With CCS v6.1.2 a loop of 128 double precision floating point iterations of math.h functions runs in about 2secs.

The same loop complied in CCS v7.4 with math.h runs in about 8-9secs.  Both versions are release builds and --fp_reassoc is off for both versions.

What could be causing v7.4 floating point code (math.h functions) to run 4x slower?

Aaron

  • what is sizeof(double) in both cases? could they have made doubles real doubles?

    Can you share some example code?

  • Please show which versions of the compiler (not CCS) were used.  Please see the article Understanding tools versioning.

    Consider the possibility that a difference in memory speed could be the cause.  Did either the code, or the data, change from fast internal memory to slow external memory?

    Thanks and regards,

    -George

  • The loop is calculating a 128 point LUT: 6th order polynomial using math.h with terms coeff*pow(x,n)
    The coeffs are double precision (64-bit). The x value is the index (for loop) of the table so there are no data dependencies between
    compiled versions. There is no external memory. Is it possible math.h is slower in CCSv7? Perhaps trading precision for speed?

    Aaron
  • CCSv6.1.2 using TI v4.4.5 Compiler
    CCSv7.4.0 using TI v16.9.7.LTS Compiler
  • Aaron Viejo said:
    The coeffs are double precision (64-bit).

    Are you certain the math is done using 64-bit computations, with both the 4.4.x and 16.9.x compiler versions?  Because the built-in type double changed from 32-bits to 64-bits in that time.  If this loop uses type double, then you effectively changed from 32-bit computations, to 64-bit computations.

    Thanks and regards,

    -George

  • Hello Aaron,

    could you show your Project -> General setting for CCSv6.1.2 using TI v4.4.5 Compiler in the way like a screen capture below?

  • Hello Aaron,

    do you need additional help, did we resolved your issue?
  • Hello Tomasz,

    See Project Properties below.

    The polynomial coefficients (cn) are declared as double and uses <math.h> lib with the function pow(x,n):

    const double sf = value;

    long table[128];

    for (i=0; i<128; i++)

         double y = c5*pow(x,5)+c4*pow(x,4)+c3*pow(x,3)+c2*pow(x,2)+c1*pow(x,1)+c0*pow(x,0);

         table[i] = lround( y / sf );

    }

    Runs 4x faster in CCS 6.1.2 than in v7.

  • Aaron,

    First of all, I agree with you.

    You have not responded to Keith question regarding a double size.

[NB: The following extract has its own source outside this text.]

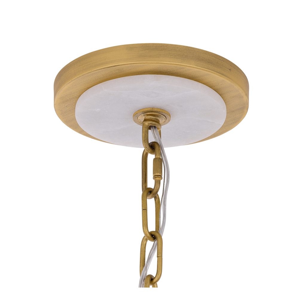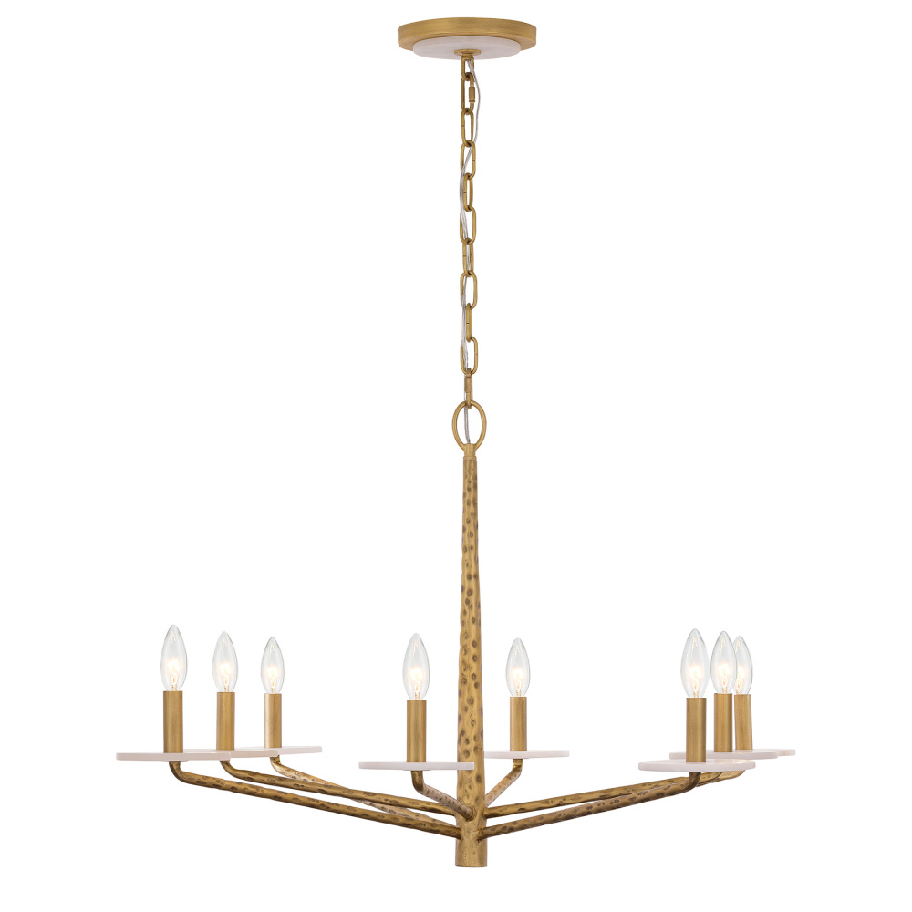 The Savoy House Judi 8-light chandelier was designed by award-winning interior designer and TV host Breegan Jane. Its organic structure showcases hammered metal that is finished in hand-painted Distressed Gold. Slim arms hold candle cups crafted from natural alabaster stone, bringing another dimension of nature-inspired style. There is also a disc of alabaster at the ceiling canopy, too! Judi is 22" in height and 38" in width. It uses eight candelabra size bulbs of up to 60 watts per bulb. Bulbs not included. Comes with 120" of chain.

    That is pity. Your answer would help to speed up an investigation.

    Your screen shot showing "eabi (ELF)" means that in both CCS v6.1.2 and v7.4 you are using 64 bit doubles,

    that you are comparing apples to apples.

    I have used MSP-EXP430F5529LP with defaults like: a DEBUG version, MPY32, ....

    I haven't checked ACLK default freq., memory regions for data and code, etc. because of limited time till now.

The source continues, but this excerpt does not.